• SOURCE DATA:
_ _ _ _ _
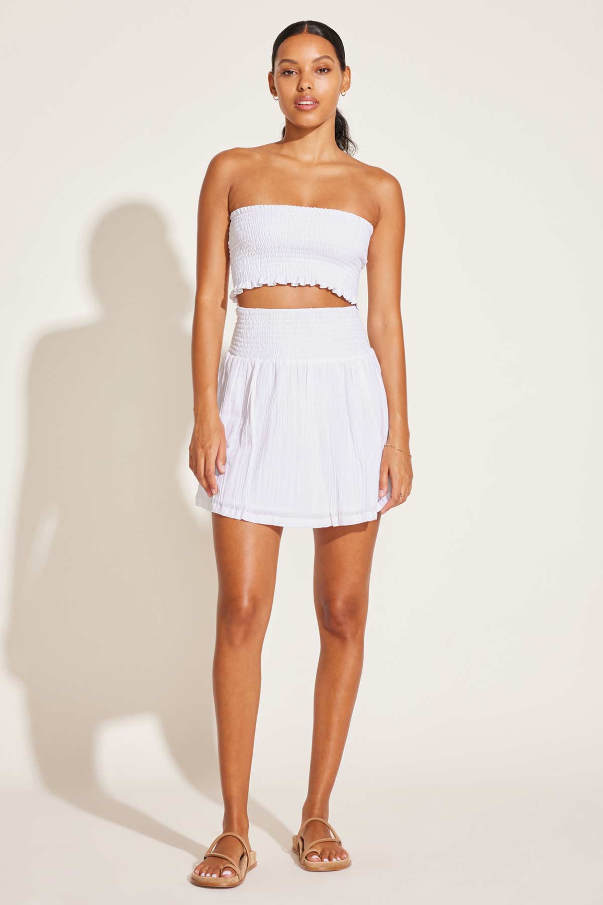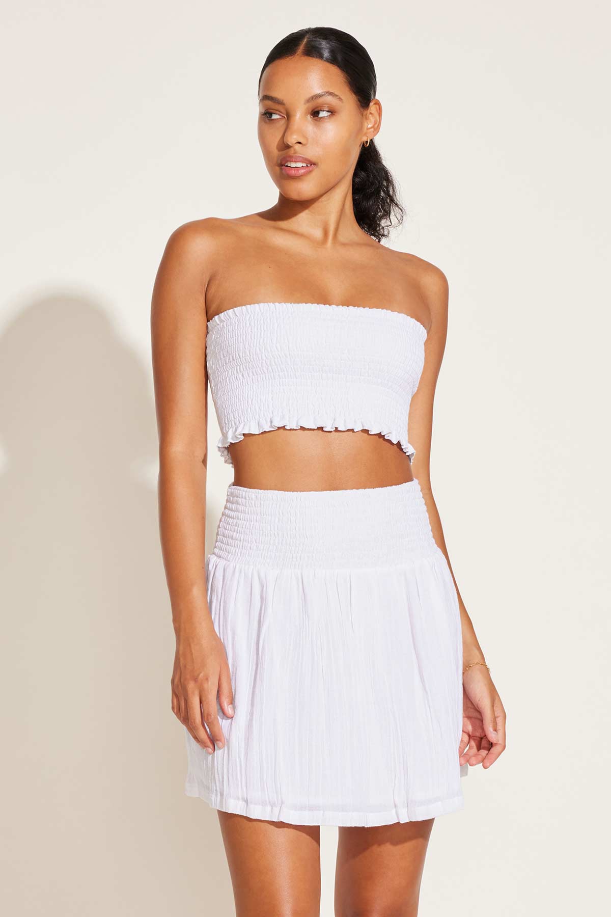 Nya Smocked Bandeau Top - White Crinkle Linen
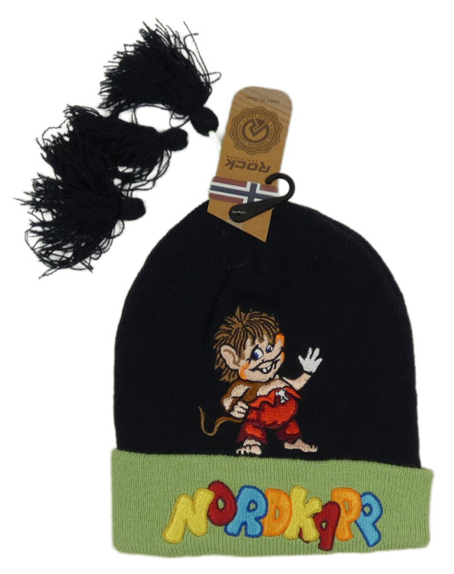 Nové - Tmavomodro-zelená čapica so škriatkom a strapcemi
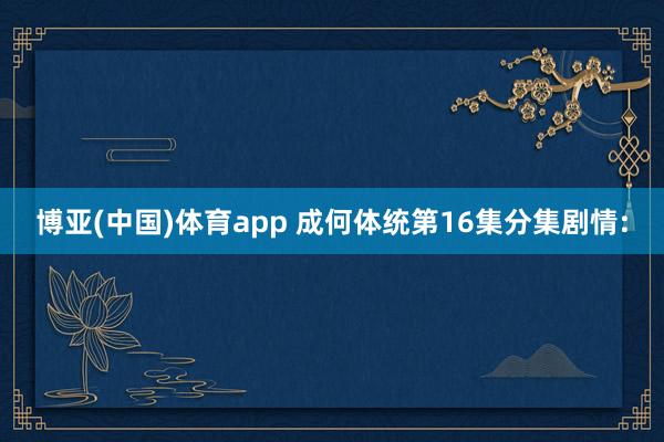 博亚(中国)体育app 成何体统第16集分集剧情:
_ _ _ _ _
• WORK TASK: Exactly as written, return every line of the listing, but not the pictures.

• RESULT FOR THIS TASK:
 Nya Smocked Bandeau Top - White Crinkle Linen
 Nové - Tmavomodro-zelená čapica so škriatkom a strapcemi
 博亚(中国)体育app 成何体统第16集分集剧情:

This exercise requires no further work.